Dividend focus yields a differentiated portfolio
The dividend approach results in a differentiated portfolio with a consistently high active share—positioning that is different from the benchmark — and dividend yield. The process has also generated strong long-term results: JEMI has beaten its benchmark, the MSCI Emerging Markets Index, over three, five and 10 years, and since its inception in 2010, annualised, as of 28 February 2025.
Some of JEMI’s biggest active positions highlight the many types of companies that the trust can invest in. TISCO Financial is an auto finance company in Thailand, with a strong franchise, balance sheet and dividend policy. This small company is less liquid but the trust structure allows the portfolio to take a relatively large position, contributing to JEMI’s high exposure to financial stocks, which are about a third of the portfolio.
On the other end of the spectrum, the investment team has recently been building a large position in Walmex, the Mexican retail giant, which the team has followed for a long time. The entire Mexican stock market derated last year due to a combination of domestic political changes and concerns around tariffs from the US, allowing the portfolio manager to start buying the stock at its most attractive valuation in five years. The Walmex position has boosted the portfolio’s exposure to consumer-oriented companies and made Mexico the largest country overweight in JEMI. While Mexican exposure was a headwind in 2024, it has actually contributed positively to performance in 2025, despite the tariff implications.
The portfolio’s exposure to technology stocks has come down from a double-digit active position in recent years to a small overweight currently; exposure to Taiwan has also meaningfully decreased as a result. The portfolio managers have been taking profits in many technology stocks that have outperformed and where valuations have increased; reduced exposure to technology stocks also reduces some cyclical risk that could affect earnings and dividends.
Case study: JEMI’s investments in China
The portfolio’s changing exposure in China offers a good example of JEMI’s investment process. For instance, JEMI exited a long-time position in China Construction Bank, which is now a big active underweight. The investment team believes that returns on equity (ROE) will be more challenging in the financials sector and is looking at opportunities in other industries that may offer stronger dividend growth.
Some new positions are in stocks and industries that JEMI has not previously invested in, such as Chinese internet companies Tencent and Alibaba. Alibaba is an interesting case study on JEMI’s process. The stock price declined over the past few years as investors worried about growth prospects for the Chinese economy but the investment team noticed that since 2022, the company’s free cash flow remained quite strong. The real catalyst came at the end of 2023, when Alibaba initiated its first dividend, a sign that it was maturing in terms of allocating capital and using cash to reward shareholders.
The dividend also allowed JEMI to finally own the stock and the portfolio team built a position in the middle of 2024. Since that time the stock has performed well, reflecting both the improved shareholder focus and a better environment for Chinese stocks.
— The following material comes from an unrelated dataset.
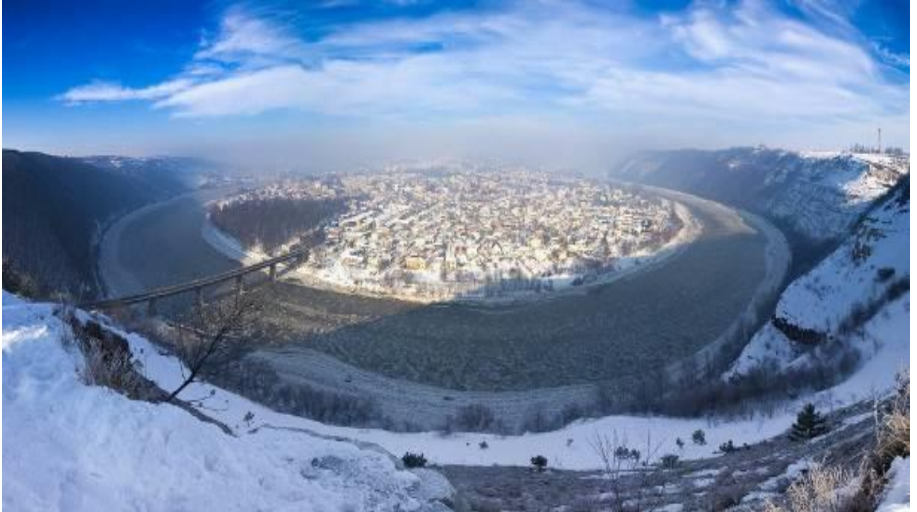
мал. 2.3. Річка Дністер місто Заліщики

Річка Нічлава відноситься до малих річок, є водним об'єктом господарсько-побутового призначення. Стік ріки (у верхній течії Нічлавка) формується на території області. Забруднення спостерігається по всій течії річки. На якість вод особливо впливають зворотні води міста Борщів, де відсутні очисні споруди. Завдяки каскаду ставків на території міста, де відбувається самоочищення води, вплив міста зменшується. В нижній течії річка має високий вміст сульфатів, чим суттєво відрізняється від інших рік регіону.

Emerging market outlook: Weak US dollar vs. tariff pressure
The outlook for the global economy and stock markets is significantly less clear following the broad-based US tariff announcements and subsequent market sell-offs. Emerging markets are no exception. One interesting development is that the US dollar has fallen, which is unusual in a risk-off environment, when investors tend to flock to safe-haven currencies and assets. A weaker dollar is supportive for emerging markets and could mitigate some of the negative impact of tariffs on emerging market goods. In the meantime, the investment team is focused on managing risk and JEMI has multiple guardrails in place, including an independent risk team.